Markus Brier mischte heuer in Europas Spitze ganz vorne mit, der Verband durfte den 100.000-sten Golfer in Österreich vermelden - da kann man als Präsident nur zufrieden sein.
FRANZ WITTMANN: Das bin ich ebenso wie ich auch ungeduldig bin. Von mir aus könnte es mit der Entwicklung noch rascher gehen.

Mit Wiegele und Prägant haben zwei weitere ÖGV-Asse den Sprung auf die Tour geschafft.
WITTMANN: Und es werden nicht die Letzten sein. Auch in Schweden gab es zuerst nur einen Topgolfer, der dann eine Lawine losgetreten hat. Aber das ist nicht mein Verdienst - für diesen Erfolg haben meine Vorgänger die Weichen gestellt.

Welchen Nutzen kann man aus einem Markus Brier ziehen?
WITTMANN: Er macht den Sport populärer. Dank ihm hat Golf in den Medien und bei den Sponsoren mehr Präsenz.
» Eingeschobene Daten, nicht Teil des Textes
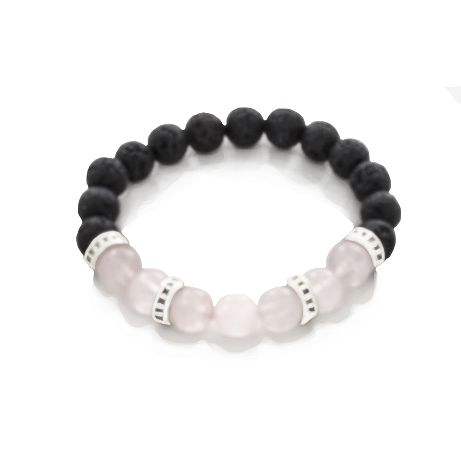 Rose Quartz, Lava, and Sterling Silver Stretch Infusion Bracelet-Good Feng Shui-for all genders

Sie sind seit 18 Monaten im Amt - Ihre Bilanz?
WITTMANN: Ehrlich gesagt habe ich mir alles etwas leichter vorgestellt und geglaubt, ich kann von heute auf morgen alles umdrehen. Aber im Verband gibt es viele eingesessene Strukturen - das dauert seine Zeit.

Was wollen Sie ändern?
WITTMANN: Hinsichtlich Jugendarbeit werden wir die Kader verkleinern, im Marketingbereich hingegen zulegen. Außerdem müssen wir uns noch weiter weg vom Elitären und hin zum Breitensport bewegen. Die Vorzeichen stehen gut: Laut einer Studie gibt's in Österreich in zehn Jahren 170.000 Golfer auf 200 Plätzen.

Warum sollte man mit dem Golfspielen beginnen?
WITTMANN: Weil man in der Natur ist, etwas für den Körper tut, kein Platz dem anderen gleicht, man es nie perfekt können wird und man es alleine spielen kann.